_TASK MATERIAL_
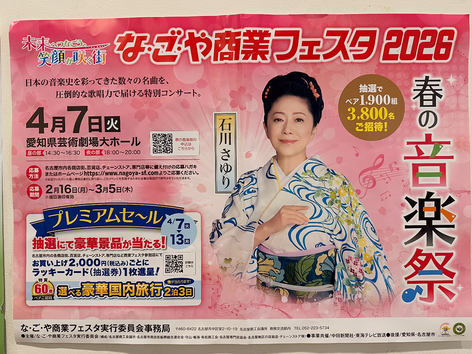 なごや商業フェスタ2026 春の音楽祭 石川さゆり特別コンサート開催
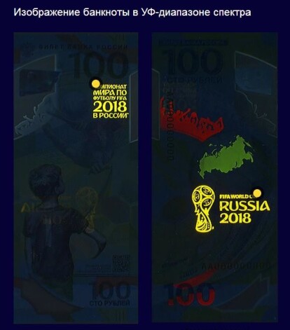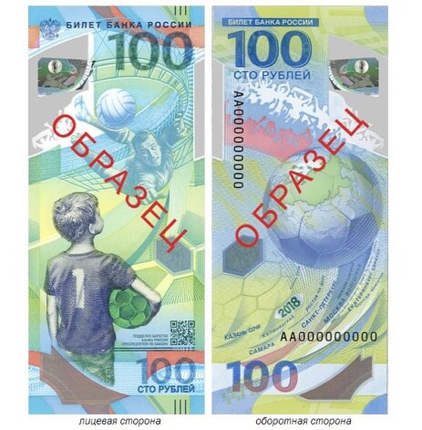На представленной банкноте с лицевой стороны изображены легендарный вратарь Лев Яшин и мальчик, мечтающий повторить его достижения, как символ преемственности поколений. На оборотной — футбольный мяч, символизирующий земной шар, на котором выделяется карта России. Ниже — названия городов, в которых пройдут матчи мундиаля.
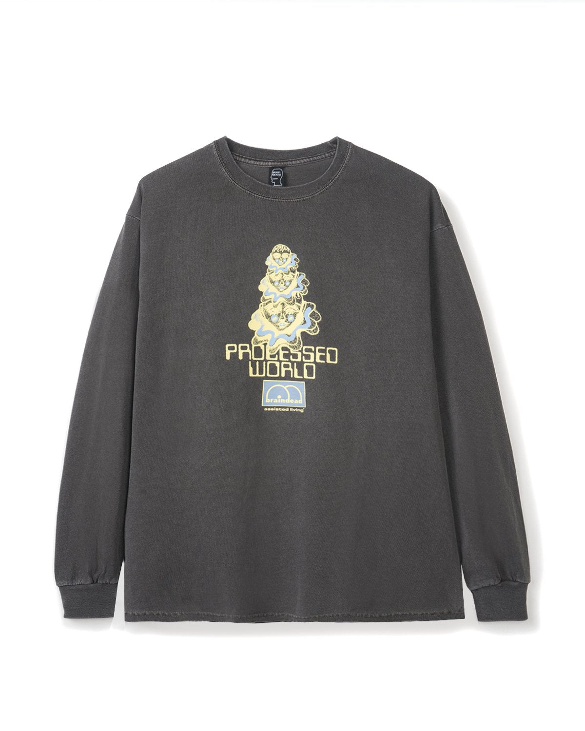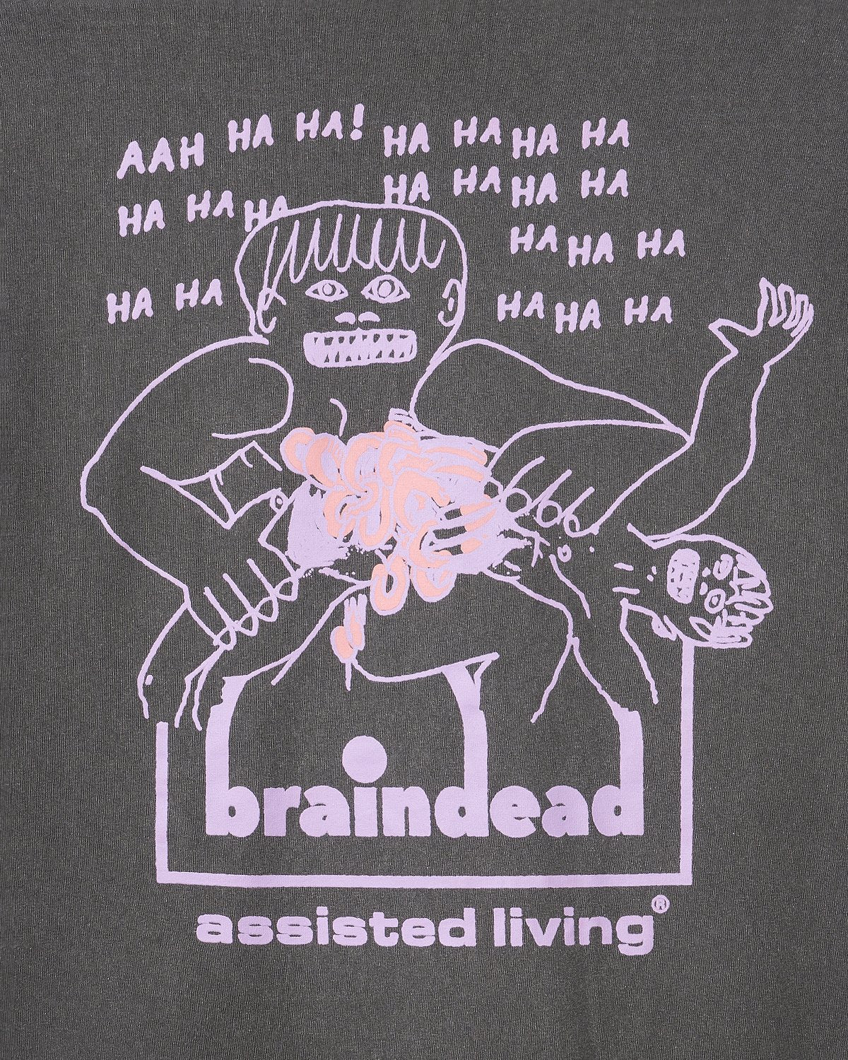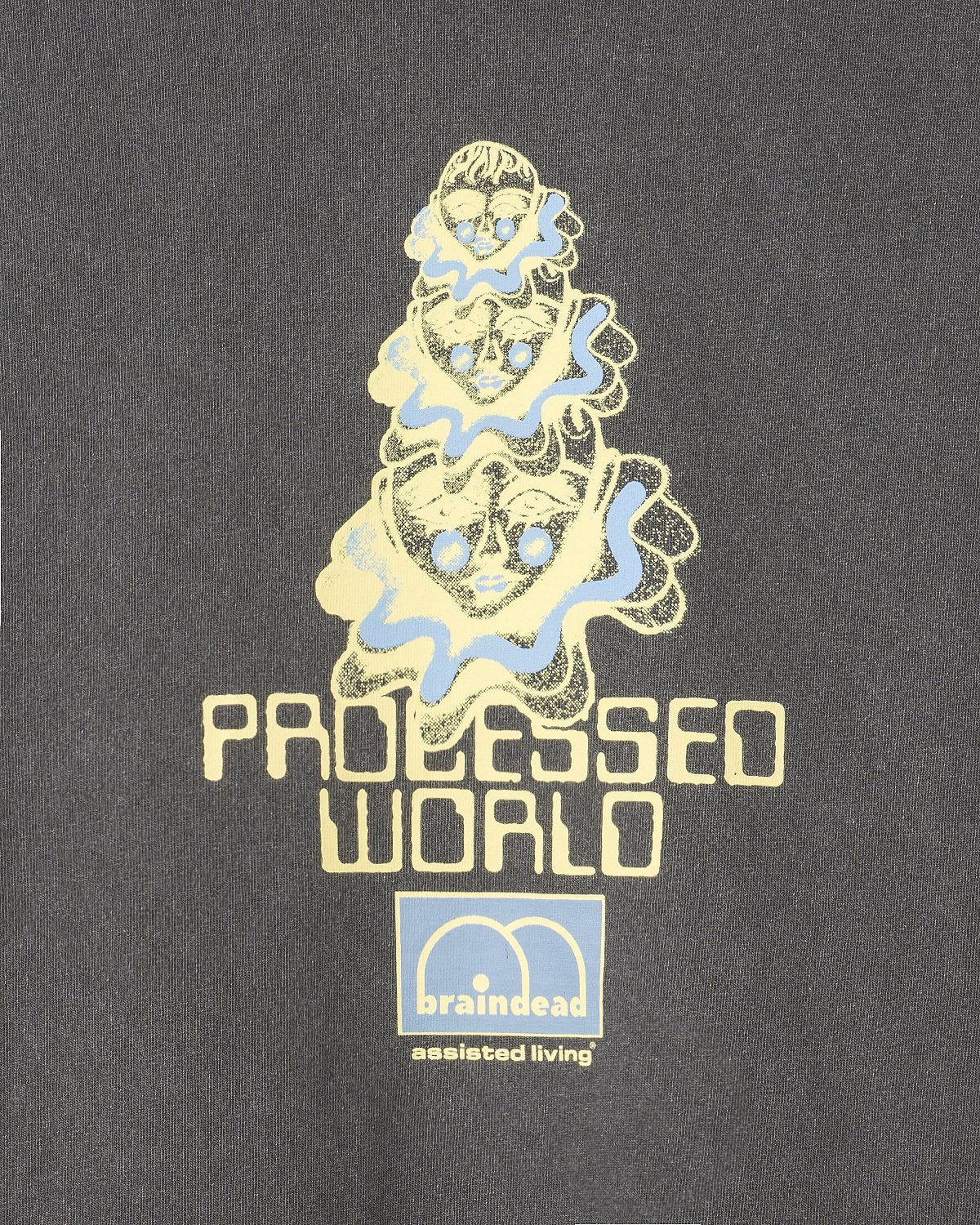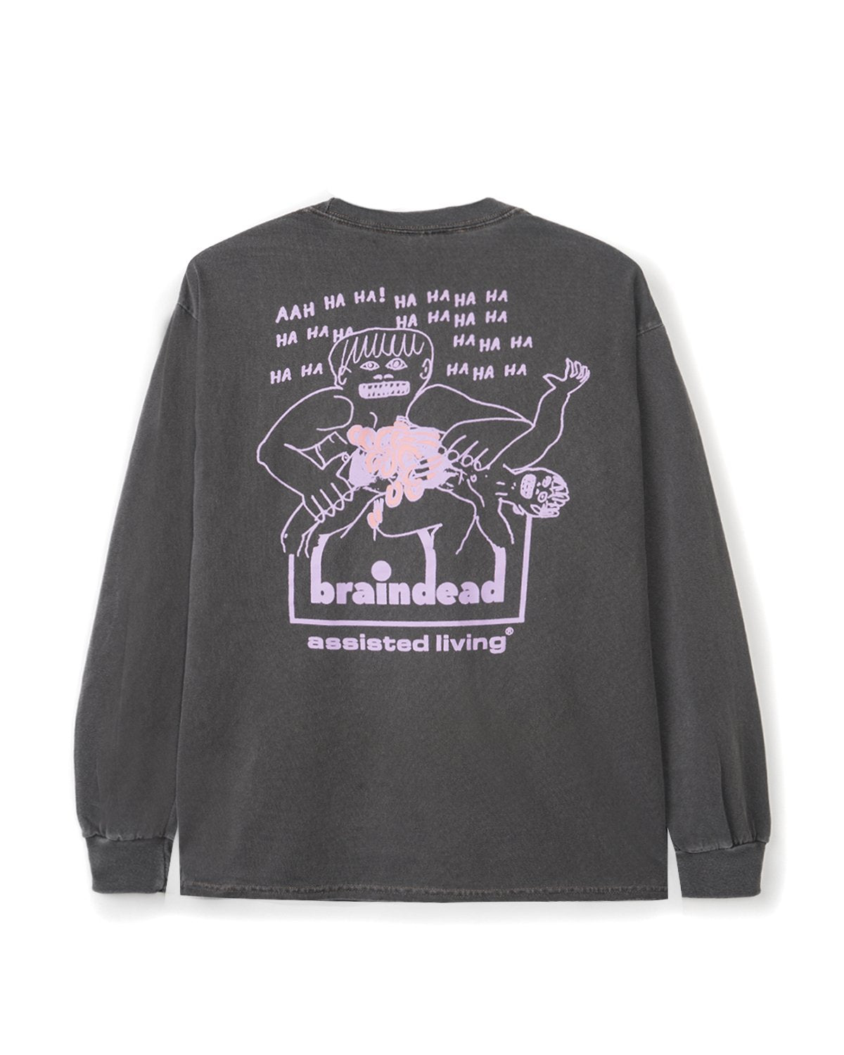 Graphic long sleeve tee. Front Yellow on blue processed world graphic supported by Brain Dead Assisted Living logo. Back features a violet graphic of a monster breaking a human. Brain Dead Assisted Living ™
--
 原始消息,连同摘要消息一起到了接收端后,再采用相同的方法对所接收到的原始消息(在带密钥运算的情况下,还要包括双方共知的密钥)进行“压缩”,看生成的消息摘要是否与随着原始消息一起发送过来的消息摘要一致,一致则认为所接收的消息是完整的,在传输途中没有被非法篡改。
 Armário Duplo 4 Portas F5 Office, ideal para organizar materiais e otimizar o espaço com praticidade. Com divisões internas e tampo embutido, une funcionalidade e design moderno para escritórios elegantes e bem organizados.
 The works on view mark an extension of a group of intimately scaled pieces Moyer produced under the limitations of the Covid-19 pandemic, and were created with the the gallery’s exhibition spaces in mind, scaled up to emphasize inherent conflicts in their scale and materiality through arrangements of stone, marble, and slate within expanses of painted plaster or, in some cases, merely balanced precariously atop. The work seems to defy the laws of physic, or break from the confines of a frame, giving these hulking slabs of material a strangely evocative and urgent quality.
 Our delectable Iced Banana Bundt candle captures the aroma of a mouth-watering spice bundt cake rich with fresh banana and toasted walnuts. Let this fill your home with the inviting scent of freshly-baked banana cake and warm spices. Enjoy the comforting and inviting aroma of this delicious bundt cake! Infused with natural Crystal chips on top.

_GOAL OF THE EXERCISE_
All that belongs in your answer is the stretch of entries above from the line with "原始消息,连同摘要消息一起到" through the line with "Armário Duplo 4", printed exactly.

_RESULT FOR THIS EXERCISE_
 原始消息,连同摘要消息一起到了接收端后,再采用相同的方法对所接收到的原始消息(在带密钥运算的情况下,还要包括双方共知的密钥)进行“压缩”,看生成的消息摘要是否与随着原始消息一起发送过来的消息摘要一致,一致则认为所接收的消息是完整的,在传输途中没有被非法篡改。
 Armário Duplo 4 Portas F5 Office, ideal para organizar materiais e otimizar o espaço com praticidade. Com divisões internas e tampo embutido, une funcionalidade e design moderno para escritórios elegantes e bem organizados.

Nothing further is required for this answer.